▶ Data shown:
# # # # # # #

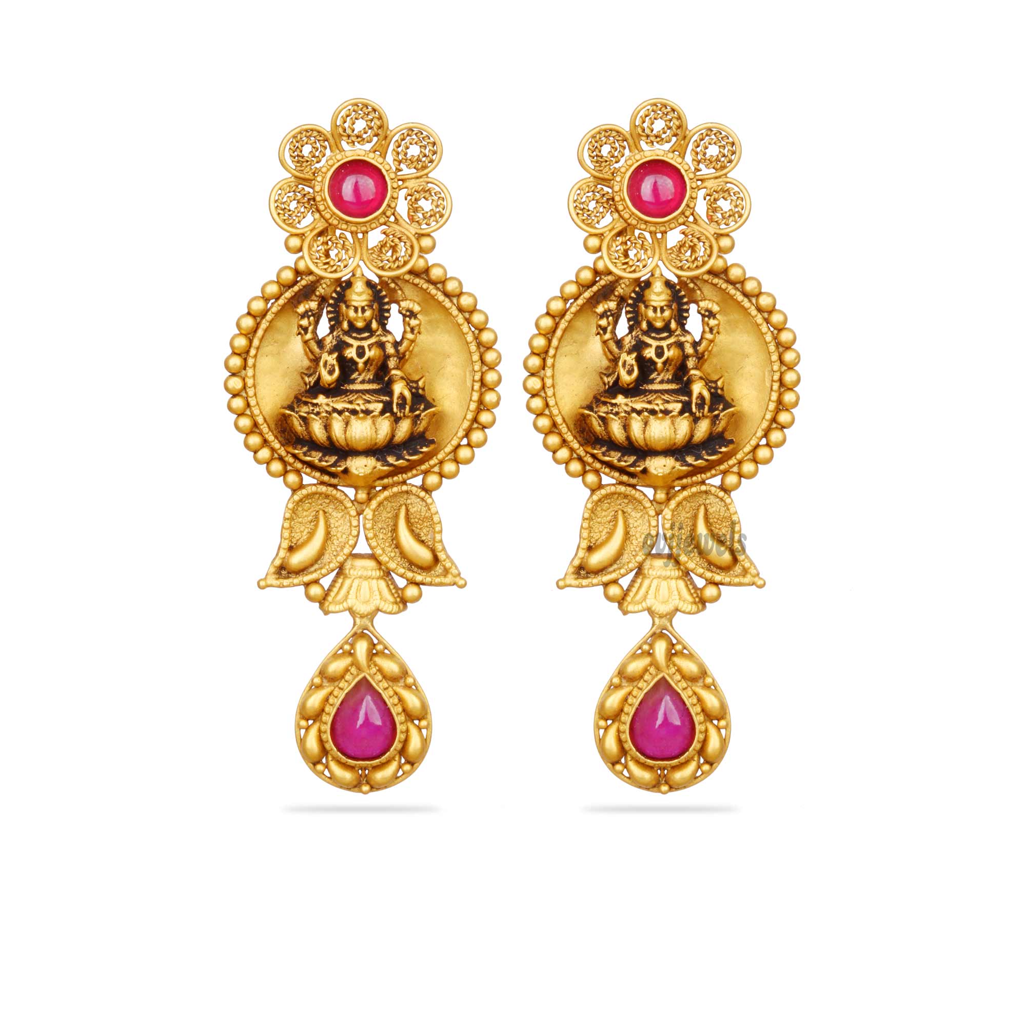 Carry his divince essence close to your soul in this charming 22k yellow gold lakshmi earrings.
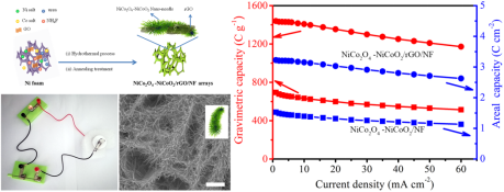 研发兼具高能量密度和高功率密度超级电容器的关键在于高性能电极材料的设计和开发。目前,NiCo2O4和NiCoO2由于具有较高的理论容量而备受关注。为改善金属氧化物的电化学性能,纳米阵列化和复合化设计是目前较为有效的制备策略。然而,两相共存的NiCo2O4/NiCoO2杂化电极材料的报道较少。该工作通过水热法和后退火法在泡沫镍上制备了NiCo2O4/NiCoO2/石墨烯杂化纳米阵列。其中,石墨烯对杂化纳米阵列的形貌和电化学性能产生了重要影响。在石墨烯的作用下,NiCo2O4/NiCoO2/的纳米阵列由许多纳米针自组装的团簇状阵列构成,为氧化还原反应提供了更多的电活性位点,为优异的电荷存储性能奠定基础。在1mA cm -1的电流密度下,该材料的比容量高达1439 C g-1,远大于纯的NiCo2O4/NiCoO2片状阵列的比容量(695 C g-1)。在60mA cm-2下,NiCo2O4/NiCoO2/石墨烯杂化纳米阵列仍保持1172C g-1的比容量(容量保持率为81.4%),展现了优异的倍率性能。此外,基于NiCo2O4/NiCoO2/石墨烯杂化纳米阵列的混合电容器器件的最大能量密度为34.3wh kg-1。研究结果表明NiCo2O4/NiCoO2/石墨烯杂化纳米阵列作为超级电容器的正极材料具有巨大的应用潜力,对超级电容器电极材料的制备与研究具有重要参考意义。
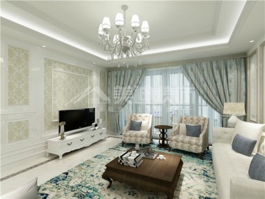 鈺龍?zhí)煜?1平簡歐風(fēng)裝修案例圖—客廳
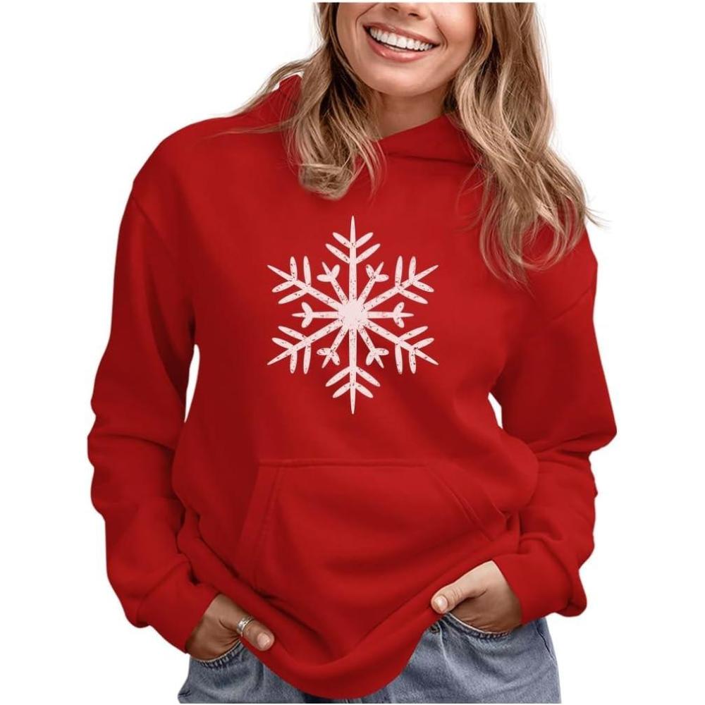 Celebrate the coziest season in style with this snowflake hoodie–a cheerful and comfortable choice for anyone who loves the holidays. Whether you're headed to a Christmas party, sipping cocoa by the fireplace, or running errands in the cold, this hoodie adds just the right touch of seasonal spirit. Designed with a relaxed fit and soft cotton-blend fabric, it's ideal for layering over tees or under coats. The festive snowflake graphic offers a bold seasonal look without overdoing it–making it versatile enough for December and beyond. Whether shopping for yourself or choosing a thoughtful present, this womens red snowflake sweater makes a memorable gift for teen girls, moms, daughters, or friends who adore holiday-themed fashion. Ideal for matching holiday photos or cozy nights in. Crafted in the USA with durability in mind, this hoodie holds up wash after wash while keeping its charm. A go-to winter staple for making the holidays feel even warmer.

# # # # # # #

▶ Exercise brief:
Write out again exactly the lines above from the one with "cm -1的电流密度下,该材料的比容量高达1439 C" through the one with "鈺龍?zhí)煜?1平簡歐風(fēng)裝修案例圖—客廳", adding no other lines and no pictures.

▶ Task response:
 研发兼具高能量密度和高功率密度超级电容器的关键在于高性能电极材料的设计和开发。目前,NiCo2O4和NiCoO2由于具有较高的理论容量而备受关注。为改善金属氧化物的电化学性能,纳米阵列化和复合化设计是目前较为有效的制备策略。然而,两相共存的NiCo2O4/NiCoO2杂化电极材料的报道较少。该工作通过水热法和后退火法在泡沫镍上制备了NiCo2O4/NiCoO2/石墨烯杂化纳米阵列。其中,石墨烯对杂化纳米阵列的形貌和电化学性能产生了重要影响。在石墨烯的作用下,NiCo2O4/NiCoO2/的纳米阵列由许多纳米针自组装的团簇状阵列构成,为氧化还原反应提供了更多的电活性位点,为优异的电荷存储性能奠定基础。在1mA cm -1的电流密度下,该材料的比容量高达1439 C g-1,远大于纯的NiCo2O4/NiCoO2片状阵列的比容量(695 C g-1)。在60mA cm-2下,NiCo2O4/NiCoO2/石墨烯杂化纳米阵列仍保持1172C g-1的比容量(容量保持率为81.4%),展现了优异的倍率性能。此外,基于NiCo2O4/NiCoO2/石墨烯杂化纳米阵列的混合电容器器件的最大能量密度为34.3wh kg-1。研究结果表明NiCo2O4/NiCoO2/石墨烯杂化纳米阵列作为超级电容器的正极材料具有巨大的应用潜力,对超级电容器电极材料的制备与研究具有重要参考意义。
 鈺龍?zhí)煜?1平簡歐風(fēng)裝修案例圖—客廳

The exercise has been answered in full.